[Stored items]
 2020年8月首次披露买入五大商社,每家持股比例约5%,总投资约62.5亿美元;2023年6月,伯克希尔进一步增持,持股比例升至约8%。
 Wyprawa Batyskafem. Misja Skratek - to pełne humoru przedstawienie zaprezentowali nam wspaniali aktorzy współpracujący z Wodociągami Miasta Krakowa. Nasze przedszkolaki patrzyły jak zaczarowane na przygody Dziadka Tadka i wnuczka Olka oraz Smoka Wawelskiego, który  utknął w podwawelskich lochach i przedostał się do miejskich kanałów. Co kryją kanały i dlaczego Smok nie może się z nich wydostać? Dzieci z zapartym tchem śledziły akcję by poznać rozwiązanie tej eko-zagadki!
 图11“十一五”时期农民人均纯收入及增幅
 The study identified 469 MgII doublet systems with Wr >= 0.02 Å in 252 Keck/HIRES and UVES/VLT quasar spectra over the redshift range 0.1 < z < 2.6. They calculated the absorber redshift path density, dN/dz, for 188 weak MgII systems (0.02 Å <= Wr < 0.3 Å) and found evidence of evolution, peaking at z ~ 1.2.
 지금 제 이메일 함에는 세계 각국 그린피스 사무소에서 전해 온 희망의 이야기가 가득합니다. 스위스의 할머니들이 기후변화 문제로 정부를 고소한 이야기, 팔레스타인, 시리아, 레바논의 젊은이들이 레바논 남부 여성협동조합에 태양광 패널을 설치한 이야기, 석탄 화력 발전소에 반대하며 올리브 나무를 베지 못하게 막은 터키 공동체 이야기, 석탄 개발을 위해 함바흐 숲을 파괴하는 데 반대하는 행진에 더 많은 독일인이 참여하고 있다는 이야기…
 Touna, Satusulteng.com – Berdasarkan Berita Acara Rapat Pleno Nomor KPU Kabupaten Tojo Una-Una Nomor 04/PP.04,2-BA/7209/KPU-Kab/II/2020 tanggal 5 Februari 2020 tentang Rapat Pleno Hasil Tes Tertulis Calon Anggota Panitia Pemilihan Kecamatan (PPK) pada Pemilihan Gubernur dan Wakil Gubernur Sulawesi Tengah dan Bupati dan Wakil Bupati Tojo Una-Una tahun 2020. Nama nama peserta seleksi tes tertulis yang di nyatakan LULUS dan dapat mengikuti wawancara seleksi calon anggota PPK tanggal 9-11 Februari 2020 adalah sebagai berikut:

### PROBLEM STATEMENT
Set down exactly, and only, the lines of the data above from the line containing "Wyprawa Batyskafem. Misja" through the last one.

### SOLVED EXERCISE
 Wyprawa Batyskafem. Misja Skratek - to pełne humoru przedstawienie zaprezentowali nam wspaniali aktorzy współpracujący z Wodociągami Miasta Krakowa. Nasze przedszkolaki patrzyły jak zaczarowane na przygody Dziadka Tadka i wnuczka Olka oraz Smoka Wawelskiego, który  utknął w podwawelskich lochach i przedostał się do miejskich kanałów. Co kryją kanały i dlaczego Smok nie może się z nich wydostać? Dzieci z zapartym tchem śledziły akcję by poznać rozwiązanie tej eko-zagadki!
 图11“十一五”时期农民人均纯收入及增幅
 The study identified 469 MgII doublet systems with Wr >= 0.02 Å in 252 Keck/HIRES and UVES/VLT quasar spectra over the redshift range 0.1 < z < 2.6. They calculated the absorber redshift path density, dN/dz, for 188 weak MgII systems (0.02 Å <= Wr < 0.3 Å) and found evidence of evolution, peaking at z ~ 1.2.
 지금 제 이메일 함에는 세계 각국 그린피스 사무소에서 전해 온 희망의 이야기가 가득합니다. 스위스의 할머니들이 기후변화 문제로 정부를 고소한 이야기, 팔레스타인, 시리아, 레바논의 젊은이들이 레바논 남부 여성협동조합에 태양광 패널을 설치한 이야기, 석탄 화력 발전소에 반대하며 올리브 나무를 베지 못하게 막은 터키 공동체 이야기, 석탄 개발을 위해 함바흐 숲을 파괴하는 데 반대하는 행진에 더 많은 독일인이 참여하고 있다는 이야기…
 Touna, Satusulteng.com – Berdasarkan Berita Acara Rapat Pleno Nomor KPU Kabupaten Tojo Una-Una Nomor 04/PP.04,2-BA/7209/KPU-Kab/II/2020 tanggal 5 Februari 2020 tentang Rapat Pleno Hasil Tes Tertulis Calon Anggota Panitia Pemilihan Kecamatan (PPK) pada Pemilihan Gubernur dan Wakil Gubernur Sulawesi Tengah dan Bupati dan Wakil Bupati Tojo Una-Una tahun 2020. Nama nama peserta seleksi tes tertulis yang di nyatakan LULUS dan dapat mengikuti wawancara seleksi calon anggota PPK tanggal 9-11 Februari 2020 adalah sebagai berikut:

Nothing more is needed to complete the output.